In Citizens Ins. Co. of Am. v. Wynndalco Enter. LLC, 2022 WL
952534, at *1 (N.D. Ill. Mar. 30, 2022), the court directly addressed the
Massachusetts Bay court's conclusion that the enumerated statutes
in the exclusion all regulated "privacy" and, therefore, were
"of a kind" with BIPA. The Wynndalco court began by
rejecting the insurer's argument that BIPA was consistent with the
enumerated statutes insofar they all regulate "information" because
"reading the exclusion in this way would swallow the rule" as
"[m]ost statutes 'regulate … information' to some degree" and
interpreting the exclusion in such a broad manner would render other provisions
illusory. The court then opined that "the Massachusetts Bay court
did not grapple with the distinction between the two types of privacy that are
implicated in the enumerated statutes—privacy of personal information (as
concerns FCRA and FACTA), versus privacy from unwanted communications (as
concerns the TCPA and the CAN-SPAM Act)." Id. at *5.
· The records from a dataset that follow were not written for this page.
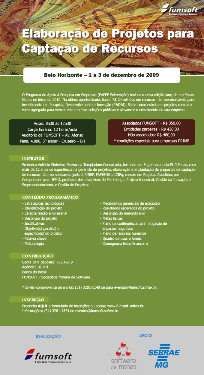 Curso Elaboração de Projetos para Captação de Recursos . de 1 a 3 de dezembro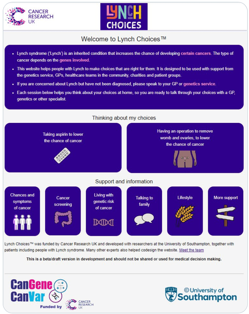 Cancer Research UK has funded codesign of Lynch Choices https://canchoose.org.uk to support decisions.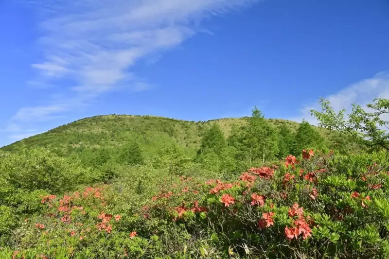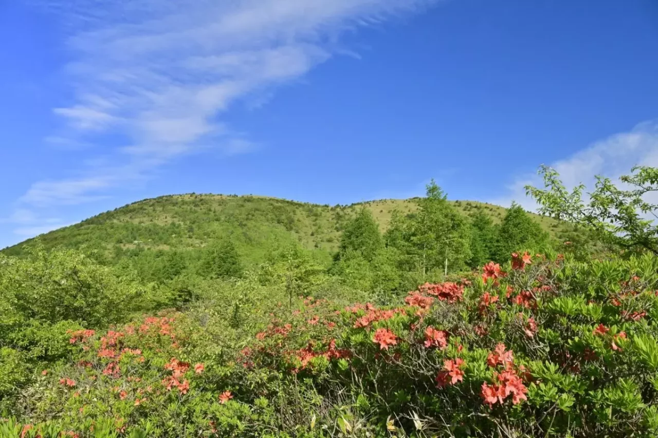 山頂手前には、約60万株にもおよぶ湯の丸レンゲツツジ郡落があり、毎年6月下旬ごろのシーズンになると山肌を朱色に染め上げます。この光景は非常に壮観で、毎年多くの観光客が訪れます。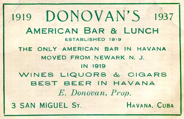 Cuba Havana Donovan's American Bar & Lunch Business Card 1937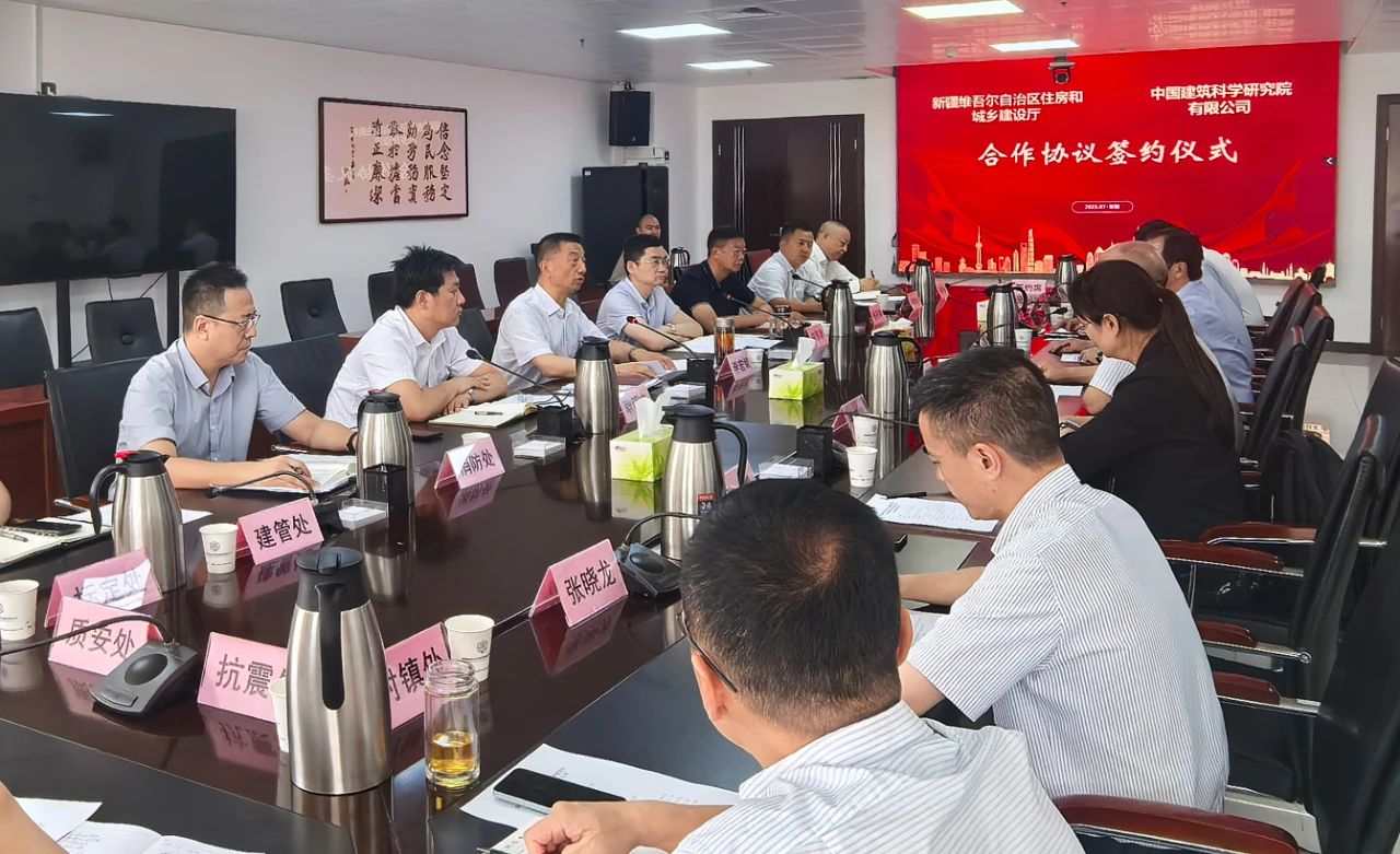 新疆住建廳科教處、標(biāo)定處、建管處、城建處、村鎮(zhèn)處、質(zhì)安處、抗震處、消防處主要負(fù)責(zé)人;中國(guó)建研院科技標(biāo)準(zhǔn)部、研究院、中建研科技、建研防火、構(gòu)力科技主要負(fù)責(zé)人參加簽約儀式。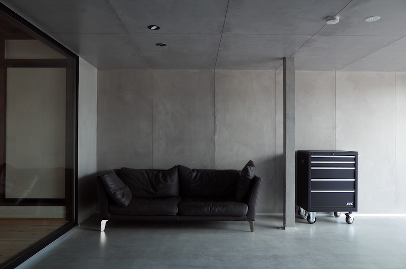 〈152INN〉最大の魅力は、バイクと共に過ごせる“秘密基地”のような非日常空間。一階には、愛車をガレージ越しに眺めながら食事や語らいを楽しめるダイニングを設置。床をあえて約10cm下げることで、着席時の目線とバイクの高さが合い、より深くバイクとつながれる演出となっています。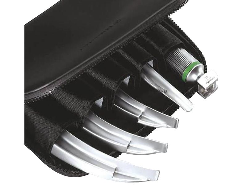 Мягкий футляр для ларингоскопа нужен, чтобы хранить и перевозить набор. Внутри есть 5 отделений для рукояти и 4 клинков. Возможно хранение 5 клинков. Для изготовления компактной сумки применяют искусственную кожу, внутренние отделения выполнены из ткани, застежка – молния. Необходима для защиты инструмента, предотвращает механическое повреждение, обеспечивает длительное пользование. Оснащают отоларингологов, анестезиологов, реаниматологов.

Specifically, the court observed that "[t]he TCPA and the CAN-SPAM Act
protect 'privacy' by regulating unauthorized communications that
private citizens receive (e.g., telemarketing calls and spam emails),"
whereas "the FCRA, FACTA, and BIPA protect 'privacy' in a
different sense, by regulating how private entities must handle private
information that citizens give away (e.g., credit card numbers and facial
scans)." Id. Because the Massachusetts Bay court's
analysis did not consider this distinction between the two types of privacy
interests contemplated by the enumerated statutes, the Wynndalco court
declined to endorse its reasoning and instead held that, since there was no
common link between the enumerated statutes, the principle of ejusdem
generis could not be used to read the exclusion's "other
than" language as applying to BIPA. Instead, the court found that the
exclusion was "intractably ambiguous," and, thus, the insurer had not
met its burden of showing that the exclusion barred coverage for the underlying
action.
Implications of These Rulings
As these recent decisions illustrate, Krishna was not the last word
on whether the statutory violation exclusions apply to BIPA claims. Whether a
court is willing to apply the exclusions depends on how broadly it considers
the "purpose" of the enumerated statutes (i.e., whether it is enough
to say that the statutes protect privacy or whether the fact that there are
different types of privacy interests must be considered).
The more recent Illinois district court decisions that rejected the
Massachusetts Bay court's reasoning suggest that, at least in
Illinois, courts are not willing to provide the exclusion with an expansive
construction. Whether this holds true in other states, particularly as more
states enact biometric statutes patterned after BIPA, remains to be seen.